Two wrongs...
Yesterday, as the world focused on the Nazi death camp at Auschwitz-Birkenau in Poland, hundreds of thousands of displaced Palestians were streaming back to their destroyed or damaged homes in the north of the Gaza Strip.
The images of both events being beamed simultaneously around the globe could hardly have provided a starker or more telling juxtaposition. It wasn't meant to be this way. Under the terms of the ceasefire agreement between Israel and Hamas the internally displaced Gazans were due to make their return journey on Sunday. However, when Israeli hostage, Arbel Yehoud, was not released as expected, Israel accused Hamas of violating the agreement and checkpoints to the north remained closed. They opened instead on Monday, releasing the reverse exodus, thus coinciding with Holocaust Memorial Day (officially International Holocaust Remembrance Day). Someone hadn't thought it through - the 'optics', as they say, were not good.
I'm sure many will have found this unfortunate clash of events as deeply unsettling as I did. It begged so many uncomfortable questions that I found myself unable to write about it yesterday; the emotion was simply too raw and needed processing.

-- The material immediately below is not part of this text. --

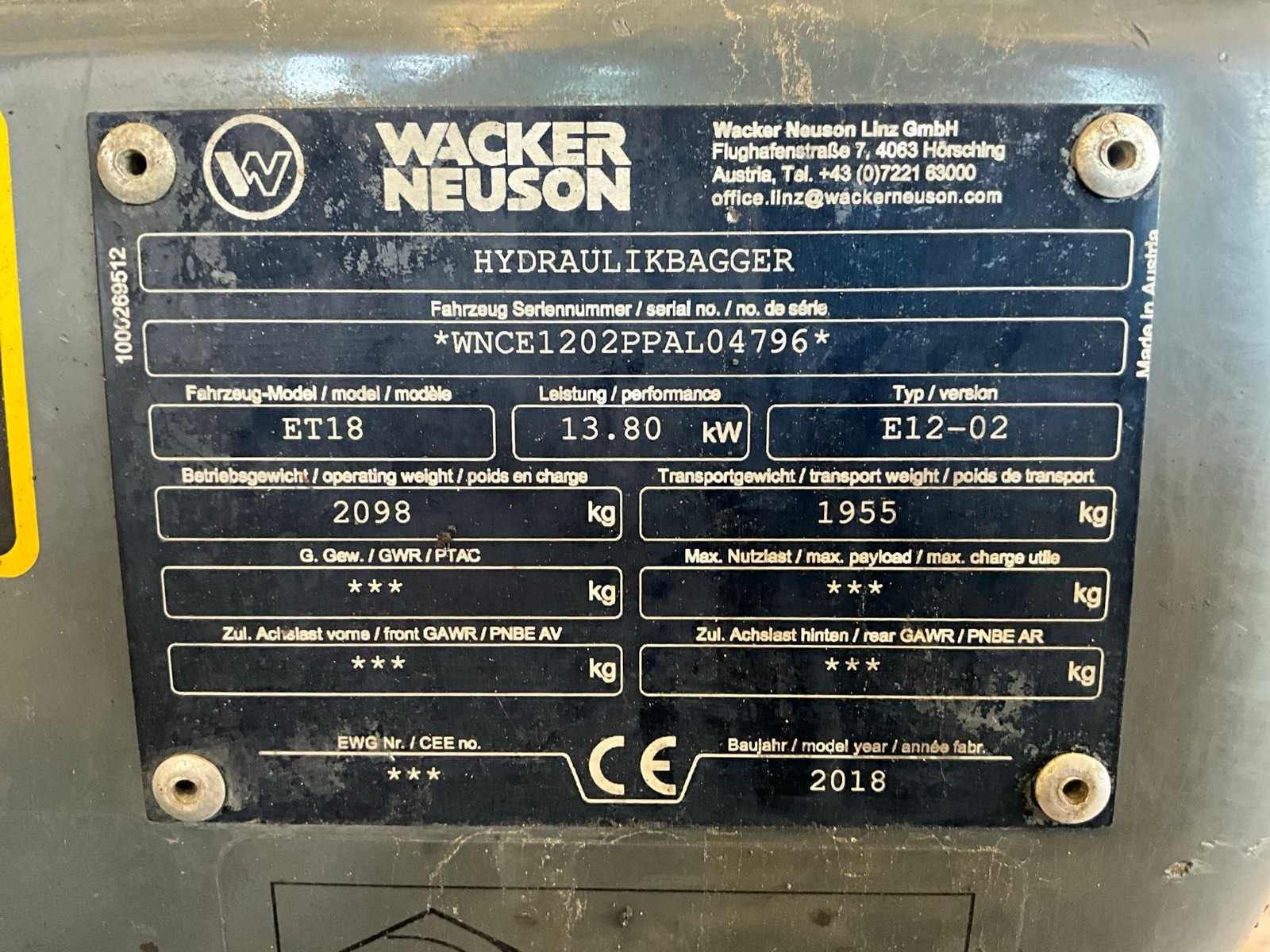 2018 wacker neuson et18 minigraafmachine

Having slept on it - a disturbed night I might add - I'm still conflicted but at least clear that I need to write about it rather than self-censoring out of fear of offending sensibilities at such a painful moment for the Jewish community.
As yesterday's ceremonies in Poland and around the world highlighted, that community has suffered egregiously. However, that does not - nor should it - exempt the community from a rigorous examination of Israel's actions in Gaza. In fact, if anything, the Jewish community's uniquely terrible (though sadly not unique) experience of genocide and other acts of gross inhumanity places a clear obligation upon it to act as an exemplar of restraint. While holding Jews, and the Jewish state, to a higher set of principles may be deeply unfair, it is surely an inevitability of this lamentable history.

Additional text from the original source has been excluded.